Voluntary Self-Disclosure Protocol

In 2010 the Affordable Care Act required CMS to create a protocol by which providers that had entered into relationships that potentially violated the Stark provisions could voluntarily “self-disclose” and receive some mitigation of the potential penalties. That protocol was opened in September 2010 and to date approximately 100 “entities” have reportedly made disclosures. Notably, one of the required disclosures is "a description of the existence and adequacy of a pre-existing compliance program that the disclosing party had." A CMS official has advised the the agency is particularly interested in "what changed" after discovery of the potential violation(s). Learn more.

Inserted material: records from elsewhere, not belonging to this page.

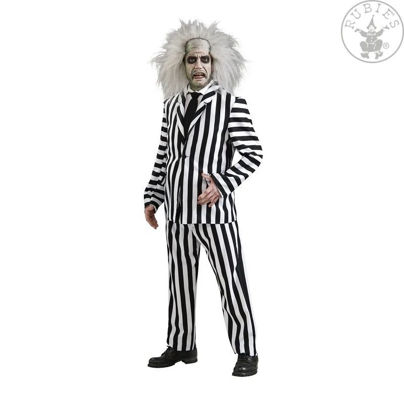 Inhoud:Â Deluxe kostuum voor volwassenen van het personage Beetlejuice uit de gelijknamige film. Het jasje en de broek zijn gemaakt van zwart wit gestreepte stof. Het mouwloze witte overhemdvoorzien van een zwarte das.
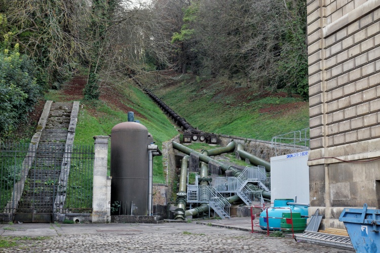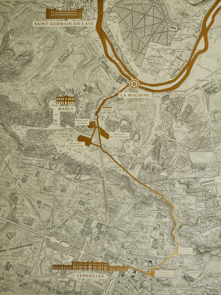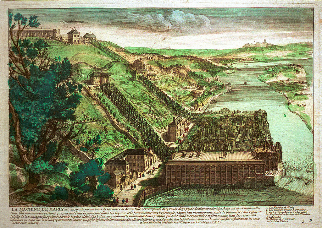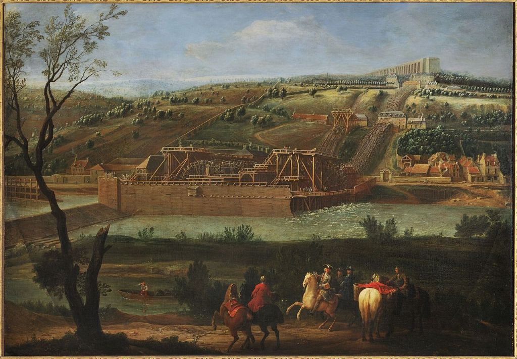 Po třech letech příprav byla v roce 1681 zahájena na břehu Seiny stavba gigantického čerpacího zařízení, která si vyžádala obrovskou částku, která by se dnes v přepočtu na eura dala vyčíslit na dvacet pět milionů. Řeka byla přitom rozdělena do dvou ramen: jedno z nich sloužilo pro vodní dopravu, zatímco to druhé zásobovalo čerpací stroj, složený ze čtrnácti vodních kol, každé o průměru deset metrů, která hnala vodu přes dvě stě padesát sacích a tlakových čerpadel sestavou potrubí nahoru do kopce s převýšením sto šedesát metrů, kde procházela dvěma čerpacími stanicemi, umístěnými na začátku a na konci akvaduktu v Louveciennes. Následně byla svedena do tří ohromných nádrží, odkud ji síť potrubí rozváděla na místa určení.
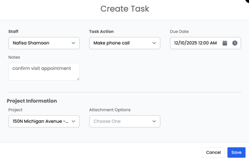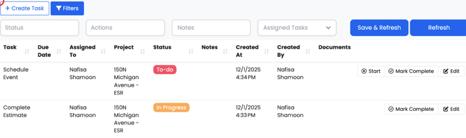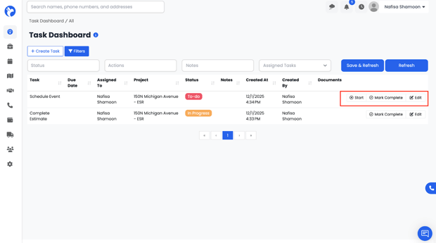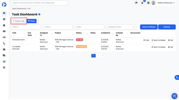 4. Click Save, and the task will immediately appear on the Tasks Dashboard.
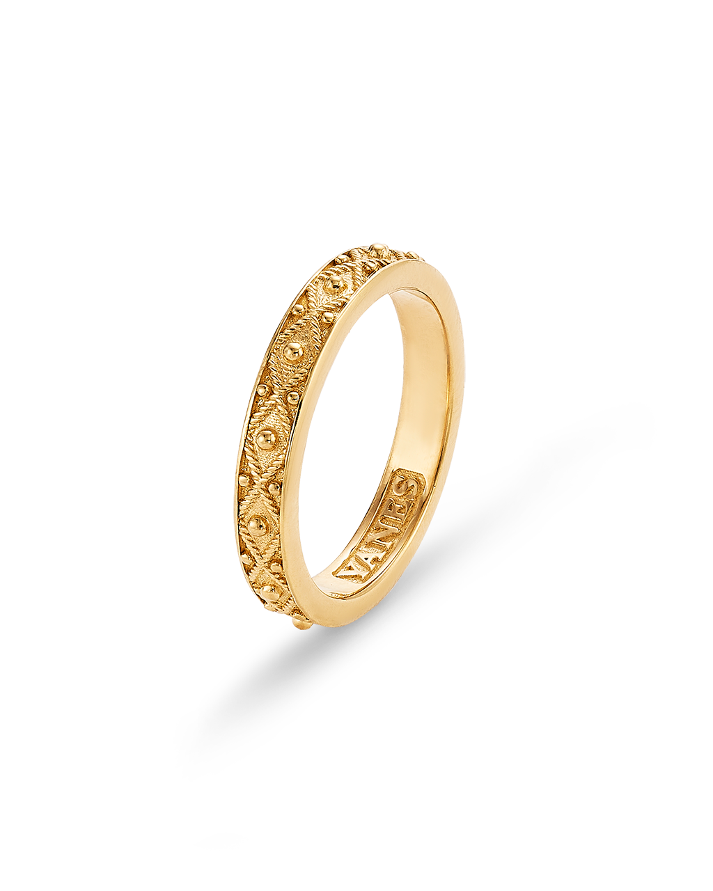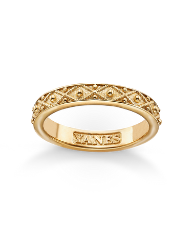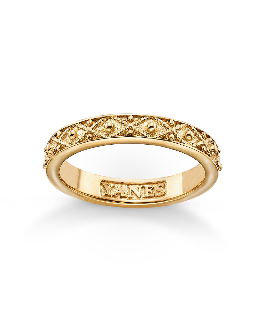 Anillo rombos bisel cordón centro mini bolas. En oro amarillo de 18K. Ancho 5 mm. Colección Malpica.
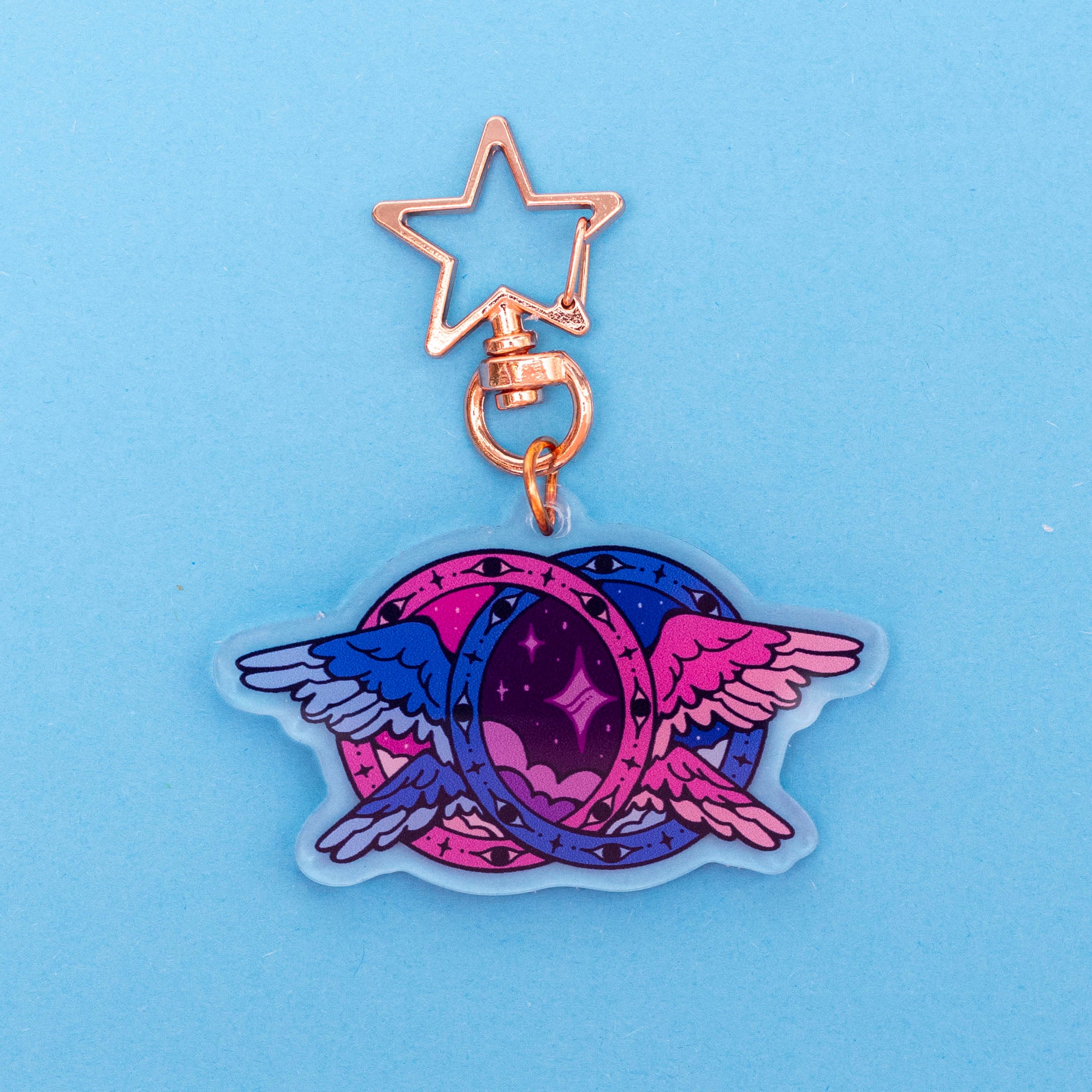 Entwined winged eyewheels, for Omnisexual pride. This acrylic keychain is 2.5 inches (6.3 cm) long, double-sided with the same print on both sides. The keychain has a rose gold star-shaped clasp.Please note: the keychain comes with protective film that should be peeled off.
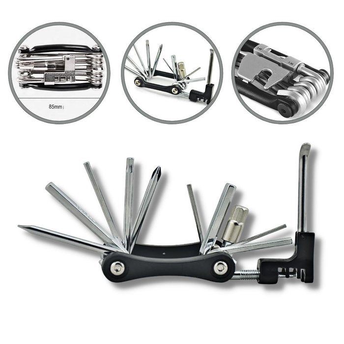 Chave Canivete Para Bicicleta 12 funções Chave de Corrente, ótima para reparos e apertos na bike antes, durante e após o pedal. Seu tamanho compacto é de fácil armazenamento e transporte para qualquer lugar em que for pedalar. As chaves compostas de aço inoxidável, garantem a qualidade e durabilidade do produto. Destaque para chave de corrente embutida no conjunto, Compacto Para Levar Em Sua Bicicleta Como Bolsinha Ou Ate Mesmo Em Seu Bolso Pronto para Qualquer Manunteção Em Sua Residencia.Descrição: Canivete de bolsaCor: Polido e pretoMaterial: Chaves em aço e superfície em níquel galvanizadoPeso: 0,183 gr.Funções1 Chave allen de 2 mm1 Chave allen de 2,5 mm1 Chave allen de 3 mm1 Chave allen de 4 mm1 Chave allen de 5 mm1 Chave allen de 6 mm1 Chave allen de 8 mm1 Chave de fenda de 5 mm1 Chave phillips1 Chave Torx 4mm1 Chave extratora de corrente
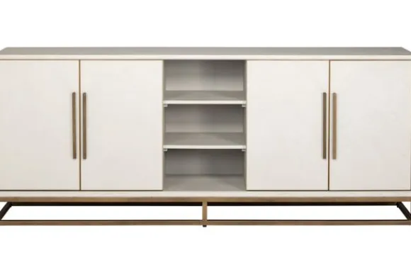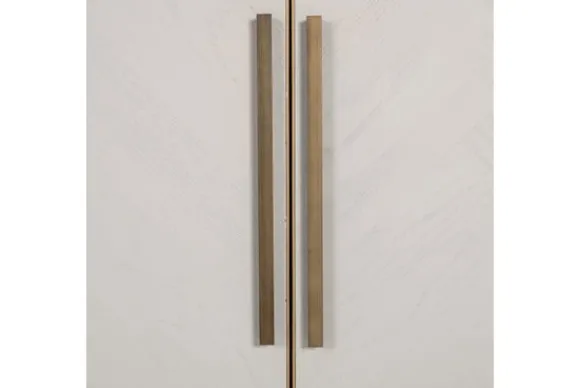 Dressoir Whitebone 211840 van het merk Richmond Interiors is een elegante, maar toch ook een stoer dressoir. Het dressoir is gemaakt van eiken fineer, waarvan de delen in een chique visgraatmotief zijn gelegd. Fineer is een dun laagje hout dat op plaatmateriaal wordt aangebracht. Dit wordt geproduceerd door een stam in dunne laagjes te snijden, hierdoor wordt de stam optimaal benut en is er weinig zaagverlies. Het strakke onderstel is gemaakt in de kleur Brass (staal in mat goud). Het dressoir is voorzien van vier deuren waar in totaal vier vakken achter zitten om al je spullen netjes op te kunnen bergen. In het midden bevinden zich drie open vakken om eventueel decoratie neer te zetten.
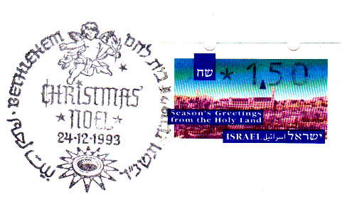 Sonderstempel aus Bethlehem vom 24.12.1993 auf einer Weihnachtsgrußmarke aus dem Automaten. Im unteren Teil des Stempels ist der mutmaßlichen Geburtsort in der Geburtsgrotte aus der Geburtskirche in Bethlehem abgebildet. Seine 14 Zacken symbolisieren die 14 Geschlechter im Stammbaum Jesu.
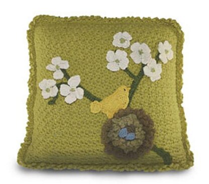SPRING LIFE This whimsical pillow will brighten up any decor. Create as is, or choose the colors you love. Pillow shown is 14 x 14" (35.5 x 35.5) but can be made in any size you choose. The chunky texture of the pillow and nest, paired with the softness of the flowers and bird creates a contemporary look. The unexpected red back adds an additional sense of fun.

CMS maintains a website where settlements under the protocol are reported. There are more than 60 reported settlements - virtually all with hospitals. Not all are for large sums. However little detail is provided about what led to the settled violations.

The American Health Lawyers Association has published Practical Tips on the Stark Self-Disclosure Protocol (AHLA 2012) as a Public Interest Resource. A Practitioner's Guide to the Stark Self-Disclosure Protocal came out from the same source in May 2013.


In March 2012 CMS submitted a report to Congress describing its first 18 months of implementation of the protocol.


Settlements and Verdicts

Meanwhile, Stark settlements and actions outside the protection of the Self-Disclosure protocol have continued, including:

  • March 2014 - Shortly before the start of trial, Halifax Hospital Medical Center settled a Stark and False Claims action brought by the Department of Justice and one of its employees for $85 Million. This settlement also includes a five year corporate integrity agreement for the health system.

  • Also in 2014 - Both the hospitals ($3.8M) AND the physician ($1M) with whom they had an improper financial relationship eventually paid to settle a self-disclosed Stark violation in West Virginia.

  • Two Montana Hospitals self-disclosed a practice of providing "incentive pay" to referring physicians. In return they were required to pay $3.95 Million and be described as having "allegedly put their financial interest ahead of their responsibility to provide cost effective health care". The FBI press release was slightly less accusatory.

  • A West Virginia physical therapy practice (1-20-2012) self-disclosed and settled civil monetary penalties resulting from the provision of services to patients referred to the practice by the wife of one of the group members.

  • A Connecticut Hospital settled false claims liability for providing an office suite to a referring physician group without a written rental agreement and failing to collect rent even once a lease was executed.

  • A New York Medical Center settled a quit tam suit filed by one of its physicians relating to some of its recruitment arrangements.

  • A North Carolina Life Sciences Company (7-2-2012) self disclosed "thousands of gift cards" given in exchange for referrals and paid a Civil Monetary Penalty for its generosity.

  • A Massachusetts Long Term Care Hospital (9-11-2012) agreed to pay $1,149,396.50 because of remuneration paid to two physicians.

  • The Hospital Corporation of America, despite its longstanding compliance program, paid $16.5 M and agreed to a corporate integrity agreement in order to settle a whistle-blower suit about its relationships with a Tennessee physicians group.

  • A lithotripsy company - 11-02-2012 agreed to pay $127,249.30 in Civil Monetary Penalties after it treated customers, including physicians, to an all expenses paid trip to the Masters Golf Tournament.

  • Following two jury trials, Tuomey Healthcare System was ordered to pay more than $236,000,00.00 in penalties for entering into "employment" agreements with potential physician competitors that didn't come close to meeting Stark requirements. Unsurprisingly, the system's CEO and COO both resigned. That judgement was upheld on appeal in July 2015.

  • The Office of the Inspector General for DHHS also tracks and reports Stark related settlements on its website.